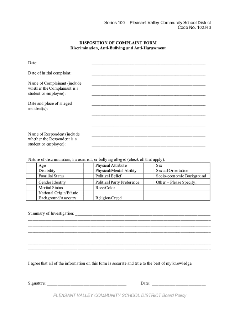 Series 100 Pleasant Valley Community School District Code No. 102.R3 DISPOSITION OF COMPLAINT FORM Discrimination, AntiBullying and AntiHarassment Date:___Date of initial complaint:___Name of Complainant
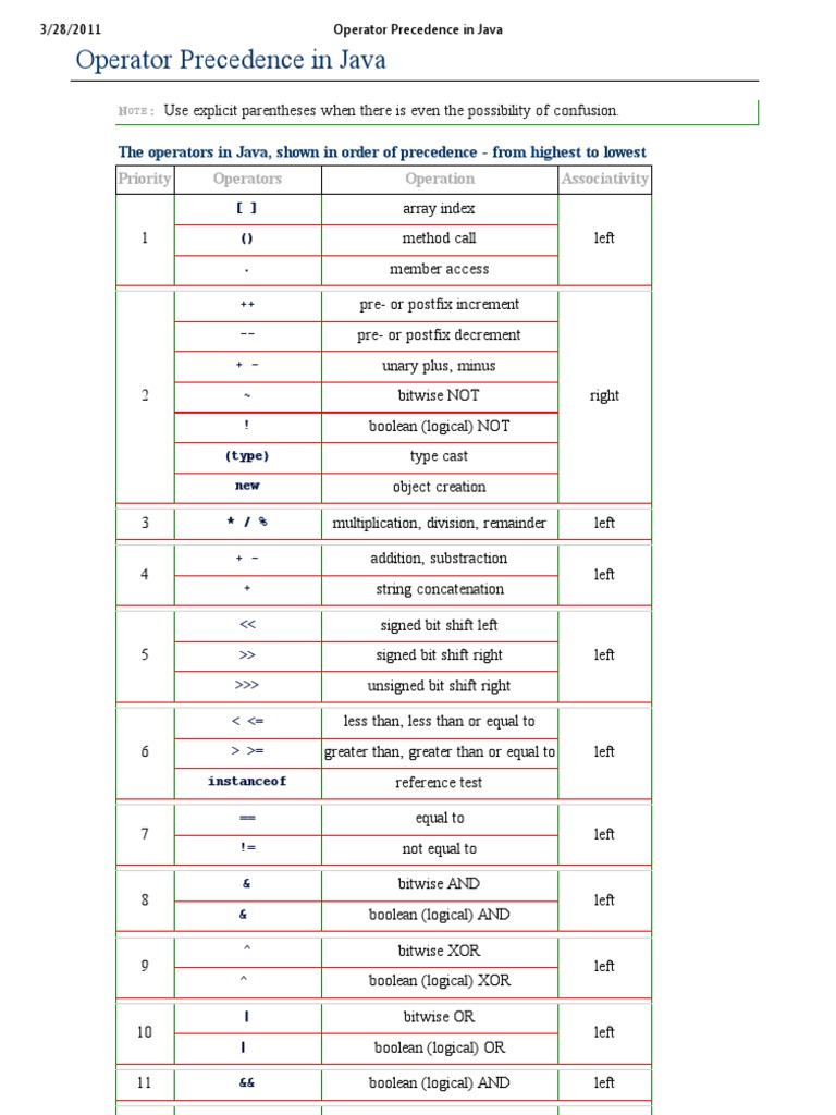 Java Operator Precedence Chart : Ashur Cherry : Free Download, Borrow ...
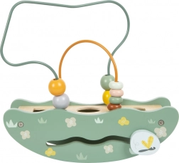 Otroci lahko premikajo kroglice po zankastih tirnicah, kar razvija njihovo koordinacijo in fino motoriko.
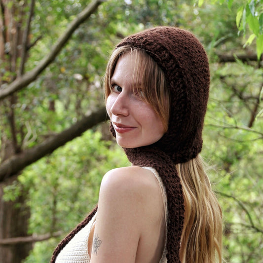 Sold outChocolate Knitted Bonnet
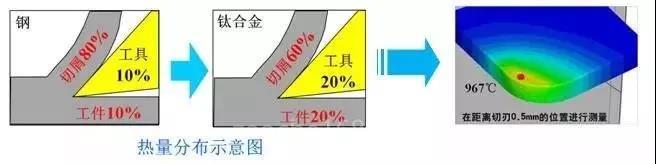 鈦合金熱傳導率低、加工硬化嚴重、與刀具的親和性高、塑性變形小等4個特點是造成鈦合金難以加工的本質原因。其被切削指數(shù)只相當于易削鋼的20%。
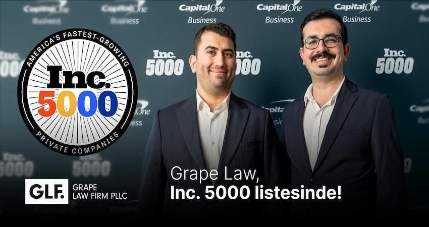 ABD'de göçmenlik hukuku alanında faaliyet gösteren Grape Law, girişimcilik ekosisteminin nabzını tutan Inc. dergisinin ‘Inc. 5000’ listesine girdiğini duyurdu. Son üç yılda elde ettiği büyüme oranıyla genel sıralamada 161'inci olan şirket, hukuk sektöründe hizmet verenler arasında ise 4'üncü sıraya yerleştiğini aktardı. Daha önce ABD Ticaret Odası tarafından Amerika'nın en iyi 100 KOBİ'sinden biri ve Kuzeydoğu Amerika'nın en hızlı büyüyen şirketleri arasında beşinci seçilen Grape Law, bu başarısıyla yükselişini sürdürdüğünü bildirdi.
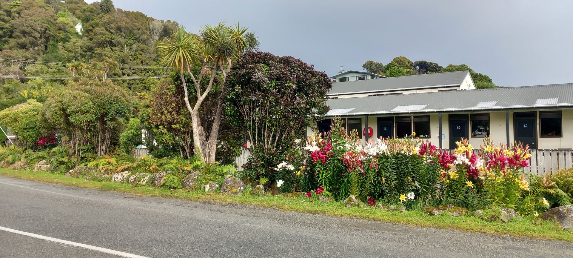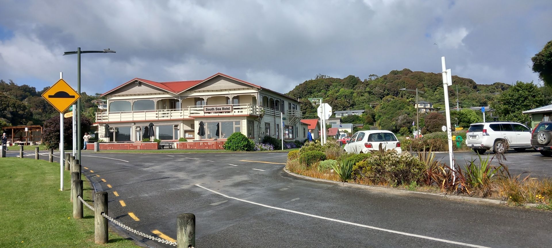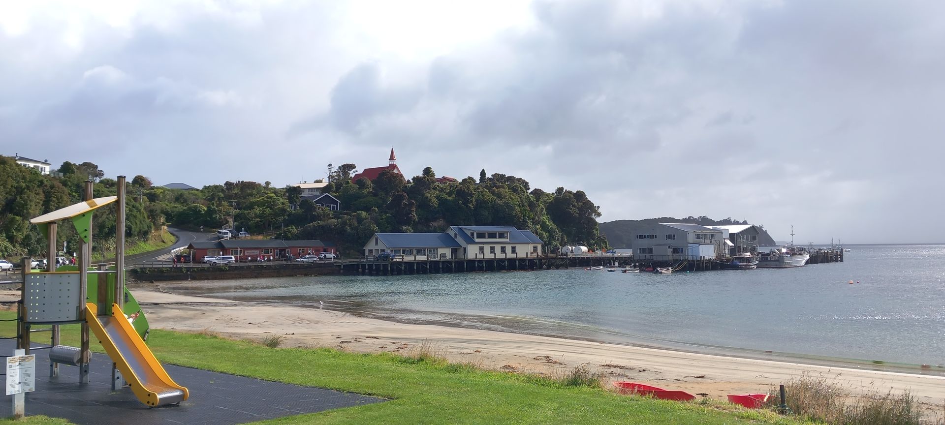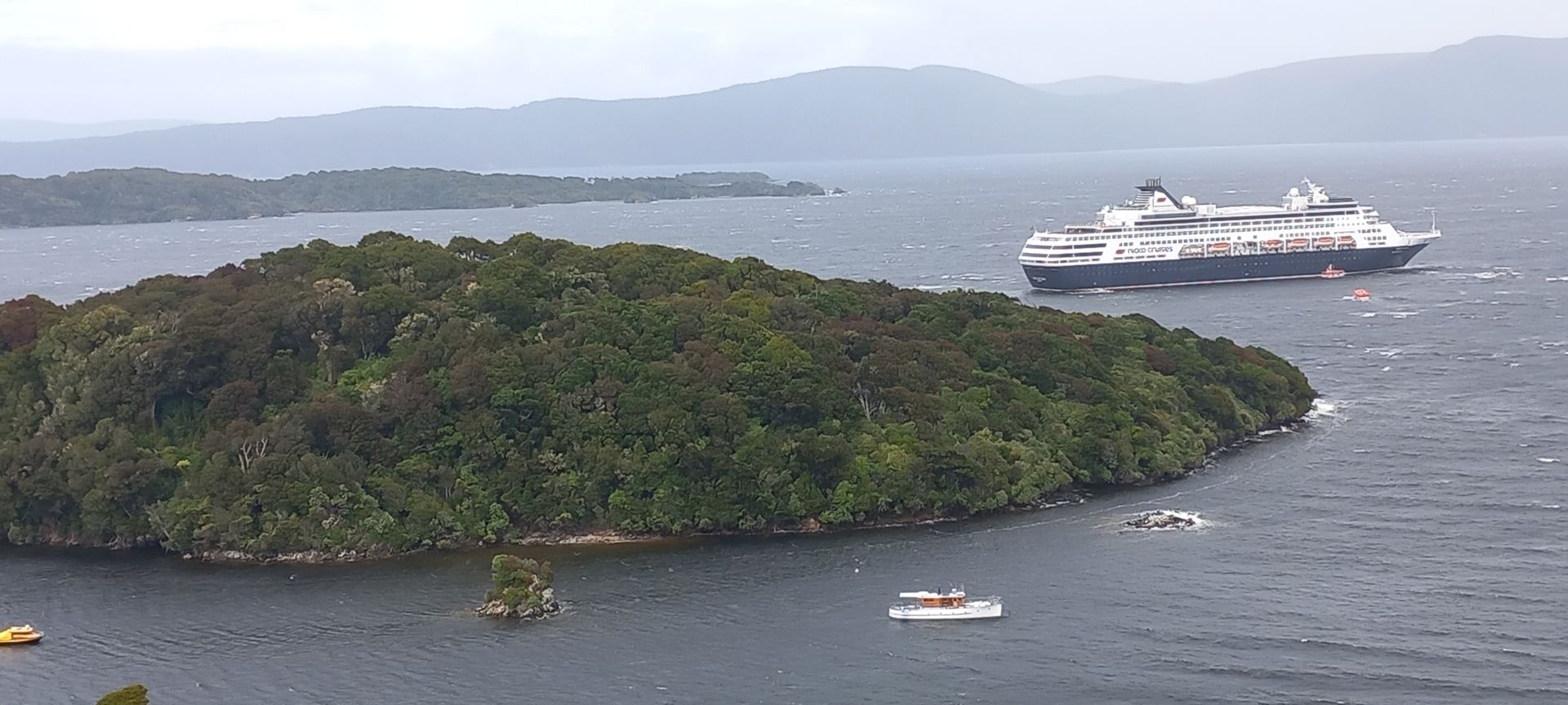 Morgens ankerten wir vor Oban. Außentemperatur 10° und windig. Eine kleine Ortschaft auf einer Insel im Süden von Neuseeland mit nur 400 Einwohnern, dafür gibt es viel Natur. Hier kommen viele Backpacker die Trails von 3-12 Tagen durch den Nationalpark machen. Es gibt nur 25km Straßenwege aber 100km Wanderwege. Wir fahren mit dem Tenderboot an Land, und sehen bei einem ca. 500m weiten Fußweg bis zum Ortskern, eine wunderschöne, sehr üppige, Vegetation. Es wird auch ein Shuttlebus um 4€/Strecke angeboten, da ein Teil des Weges sehr steil ist. Wir haben eine Busfahrt (30€/P) gebucht und wir fahren mit einem Kleinbus praktisch alle Straßen ab, bleiben bei einigen Hotspots für ein Foto einige Minuten stehen und der Fahrer erzählt uns einiges über die Insel, leider verstehe ich von dem Neuseeländischen Englisch nicht sehr viel. Fantastisch ist die Flora, fast wie ein Urwald. Nach ca. 1,5h war der Fahrer so nett und hat uns zum Tenderpier zurück gefahren. Das Wetter ist hier sehr unbeständig, innerhalb kürzester Zeit wechselt sich Sonnenschein mit einem kräftigen Regenguss ab. Wir hatten wieder einmal Glück, dass es nur regnete so lange wir im Bus saßen.
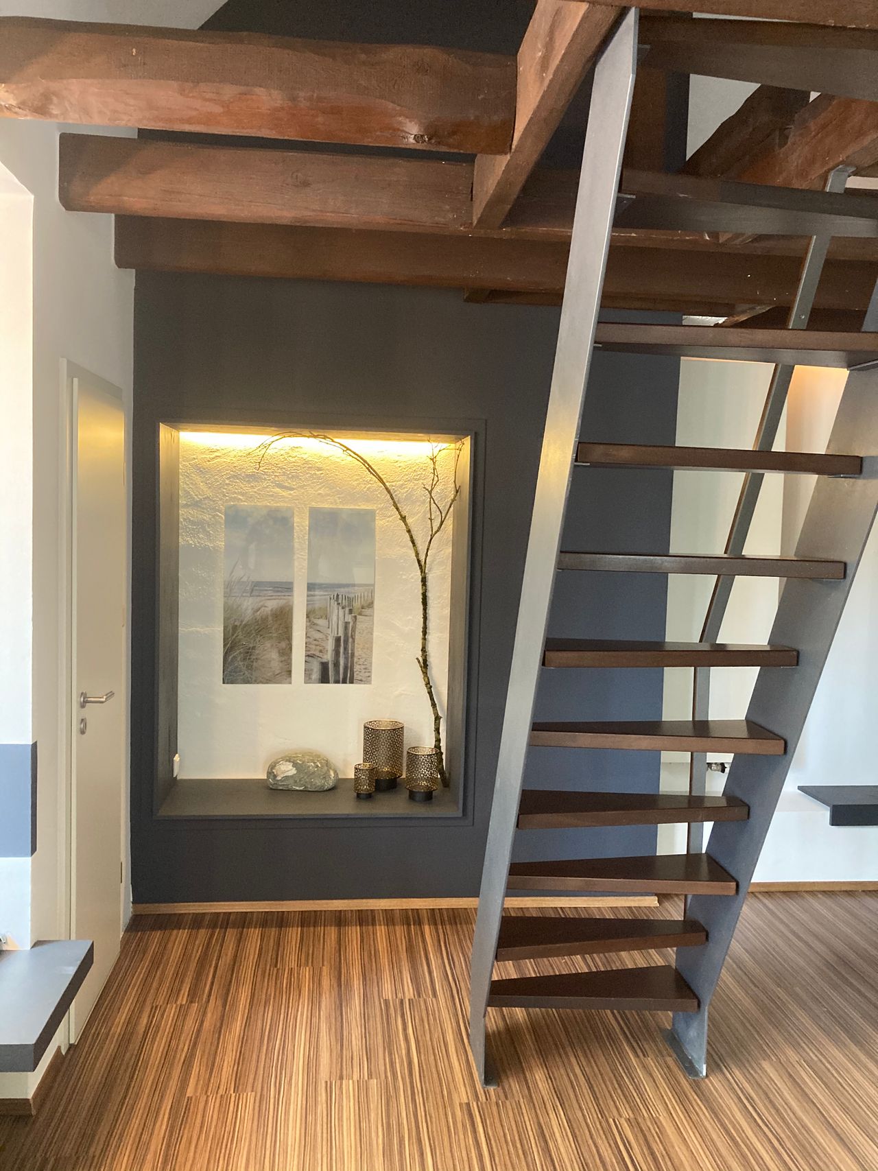 A bright, beautifully designed loft on the attic of an apartment block, featuring a multifunctional mezzanine level and a bathroom with natural light.

◆ **PROMPT**: From the line with "Morgens ankerten wir" to the final line of the entries above, reproduce each line exactly and nothing else; the pictures stay out.

◆ **EXPECTED ANSWER**:
 Morgens ankerten wir vor Oban. Außentemperatur 10° und windig. Eine kleine Ortschaft auf einer Insel im Süden von Neuseeland mit nur 400 Einwohnern, dafür gibt es viel Natur. Hier kommen viele Backpacker die Trails von 3-12 Tagen durch den Nationalpark machen. Es gibt nur 25km Straßenwege aber 100km Wanderwege. Wir fahren mit dem Tenderboot an Land, und sehen bei einem ca. 500m weiten Fußweg bis zum Ortskern, eine wunderschöne, sehr üppige, Vegetation. Es wird auch ein Shuttlebus um 4€/Strecke angeboten, da ein Teil des Weges sehr steil ist. Wir haben eine Busfahrt (30€/P) gebucht und wir fahren mit einem Kleinbus praktisch alle Straßen ab, bleiben bei einigen Hotspots für ein Foto einige Minuten stehen und der Fahrer erzählt uns einiges über die Insel, leider verstehe ich von dem Neuseeländischen Englisch nicht sehr viel. Fantastisch ist die Flora, fast wie ein Urwald. Nach ca. 1,5h war der Fahrer so nett und hat uns zum Tenderpier zurück gefahren. Das Wetter ist hier sehr unbeständig, innerhalb kürzester Zeit wechselt sich Sonnenschein mit einem kräftigen Regenguss ab. Wir hatten wieder einmal Glück, dass es nur regnete so lange wir im Bus saßen.
 A bright, beautifully designed loft on the attic of an apartment block, featuring a multifunctional mezzanine level and a bathroom with natural light.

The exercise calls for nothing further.